DATA SUPPLIED:

⁂

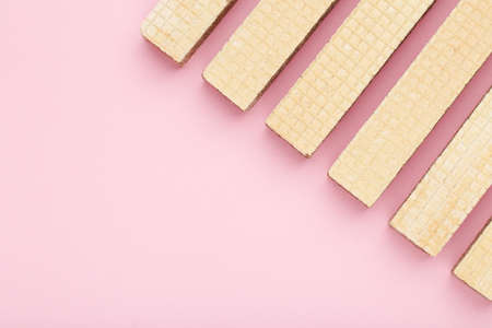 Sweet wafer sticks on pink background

⁂

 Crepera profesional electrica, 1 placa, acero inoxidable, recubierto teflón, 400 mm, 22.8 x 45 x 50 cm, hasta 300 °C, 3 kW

⁂

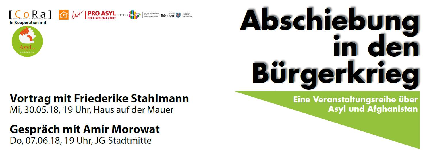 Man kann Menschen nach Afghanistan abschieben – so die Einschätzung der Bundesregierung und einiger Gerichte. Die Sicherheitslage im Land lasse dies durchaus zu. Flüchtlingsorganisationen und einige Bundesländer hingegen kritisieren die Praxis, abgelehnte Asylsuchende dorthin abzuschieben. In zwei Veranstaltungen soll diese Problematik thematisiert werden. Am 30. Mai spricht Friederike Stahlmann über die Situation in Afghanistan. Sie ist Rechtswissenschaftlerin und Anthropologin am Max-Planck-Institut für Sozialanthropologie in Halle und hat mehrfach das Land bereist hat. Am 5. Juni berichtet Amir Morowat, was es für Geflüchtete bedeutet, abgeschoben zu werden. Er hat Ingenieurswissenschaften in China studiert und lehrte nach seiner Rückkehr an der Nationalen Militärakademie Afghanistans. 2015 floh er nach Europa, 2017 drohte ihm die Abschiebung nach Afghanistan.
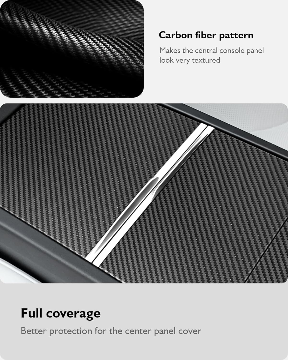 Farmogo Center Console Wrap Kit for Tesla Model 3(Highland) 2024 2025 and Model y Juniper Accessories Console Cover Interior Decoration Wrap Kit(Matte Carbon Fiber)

⁂

REQUIRED WORK: Your copy should hold only the lines above from the one containing "Man kann Menschen" through the one containing "Farmogo Center Console", exactly as written and free of pictures.

YOUR SOLUTION:
 Man kann Menschen nach Afghanistan abschieben – so die Einschätzung der Bundesregierung und einiger Gerichte. Die Sicherheitslage im Land lasse dies durchaus zu. Flüchtlingsorganisationen und einige Bundesländer hingegen kritisieren die Praxis, abgelehnte Asylsuchende dorthin abzuschieben. In zwei Veranstaltungen soll diese Problematik thematisiert werden. Am 30. Mai spricht Friederike Stahlmann über die Situation in Afghanistan. Sie ist Rechtswissenschaftlerin und Anthropologin am Max-Planck-Institut für Sozialanthropologie in Halle und hat mehrfach das Land bereist hat. Am 5. Juni berichtet Amir Morowat, was es für Geflüchtete bedeutet, abgeschoben zu werden. Er hat Ingenieurswissenschaften in China studiert und lehrte nach seiner Rückkehr an der Nationalen Militärakademie Afghanistans. 2015 floh er nach Europa, 2017 drohte ihm die Abschiebung nach Afghanistan.
 Farmogo Center Console Wrap Kit for Tesla Model 3(Highland) 2024 2025 and Model y Juniper Accessories Console Cover Interior Decoration Wrap Kit(Matte Carbon Fiber)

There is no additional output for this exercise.